Alternatively, these data could have been entered in just three pairs of workbook columns representing the three preparations with a log dose column and column of the mean bone density score for each dose level. By accepting the more long winded input of replicates, StatsDirect is encouraging you to run a test of linearity on your data.
For this example:
Grouped linear regression
Source of variation | SSq | DF | MSq | VR | |
Common slope | 78.340457 | 1 | 78.340457 | 67.676534 | P < 0.0001 |
Between slopes | 4.507547 | 2 | 2.253774 | 1.946984 | P = 0.1501 |
Separate residuals | 83.34518 | 72 | 1.157572 | ||
Within groups | 166.193185 | 75 |
Common slope is significant
Difference between slopes is NOT significant
Slope comparisons:
slope 1 (Log Dose_Std) v slope 2 (Log Dose_I) = 2.616751 v 2.796235
Difference (95% CI) = 0.179484 (-1.576065 to 1.935032)
t = -0.203808, P = 0.8391
slope 1 (Log Dose_Std) v slope 3 (Log Dose_F) = 2.616751 v 4.914175
Difference (95% CI) = 2.297424 (-0.245568 to 4.840416)
t = -1.800962, P = 0.0759
slope 2 (Log Dose_I) v slope 3 (Log Dose_F) = 2.796235 v 4.914175
Difference (95% CI) = 2.11794 (-0.135343 to 4.371224)
t = -1.873726, P = 0.065
Covariance analysis
Uncorrected:
Source of variation | YY | xY | xx | DF |
Between groups | 17.599283 | -3.322801 | 0.988515 | 2 |
Within | 166.193185 | 25.927266 | 8.580791 | 8 |
Total | 183.792468 | 22.604465 | 9.569306 | 10 |
Corrected:
Source of variation | SSq | DF | MSq | VR |
Between groups | 42.543829 | 2 | 21.271915 | 1.694921 |
Within | 87.852727 | 7 | 12.55039 | |
Total | 130.396557 | 9 |
P = 0.251
Corrected Y means ± SE for baseline mean predictor of 0.884372:
Y' = 2.901917 ± 2.045389
Y' = 1.533957 ± 1.590482
Y' = 3.398345 ± 2.057601
Line separations (common slope =3.021547):
line 1 (Log Dose_Std) vs line 2 (Log Dose_I) Vertical separation = 1.367959
95% CI = -4.760348 to 7.496267
t = 0.527831, (7 df), P = 0.6139
line 1 (Log Dose_Std) vs line 3 (Log Dose_F) Vertical separation = -0.496428
95% CI = -7.354566 to 6.36171
t = -0.171164, (7 df), P = 0.8689
line 2 (Log Dose_I) vs line 3 (Log Dose_F) Vertical separation = -1.864388
95% CI = -8.042375 to 4.3136
t = -0.713594, (7 df), P = 0.4986
The common slope is highly significant and the test for difference between the slopes overall was non-significant.
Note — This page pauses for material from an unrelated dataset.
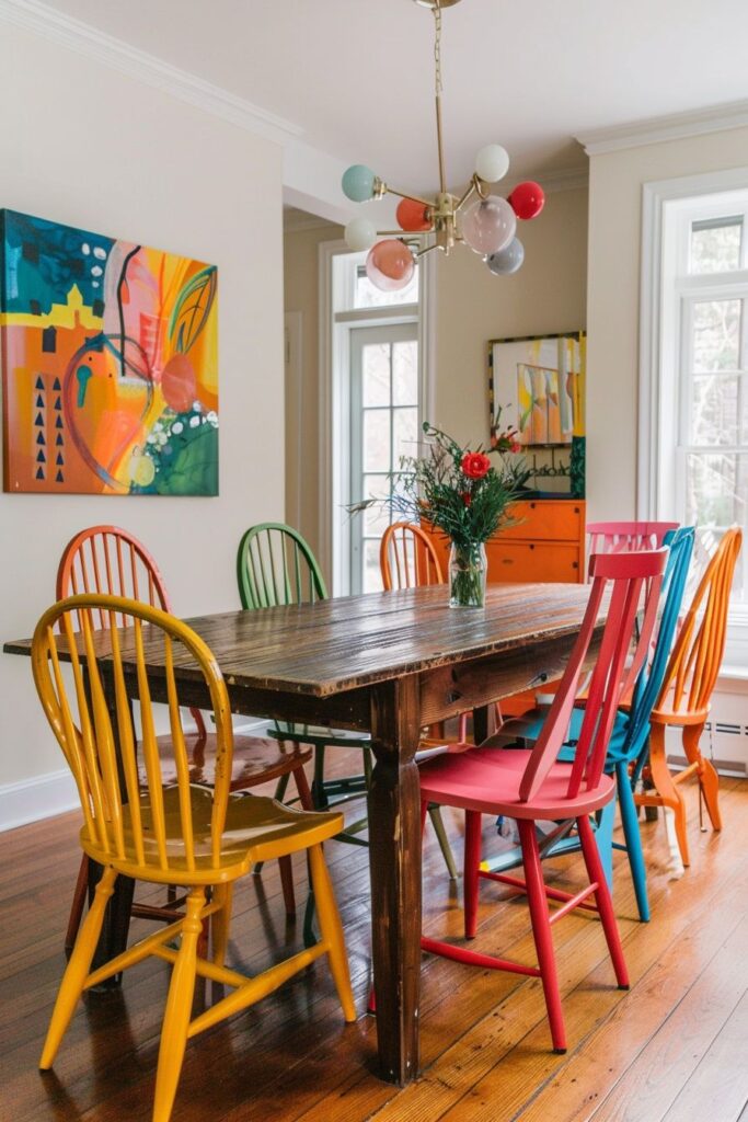 The round table, often made of chrome and laminate, is both stylish and functional. It’s a great spot for enjoying breakfast or dinner together. The vibrant colors of the chairs add a playful touch, making the dining area feel lively and welcoming.

If our assumption of linearity holds true we can conclude that these lines are reasonably parallel. Looking more closely at the individual slopes preparation F is almost shown to be significantly different from the other two but this difference was not large enough to throw the overall slope comparison into a significant heterogeneity.
The analysis of covariance did not show any significant vertical separation of the three regression lines.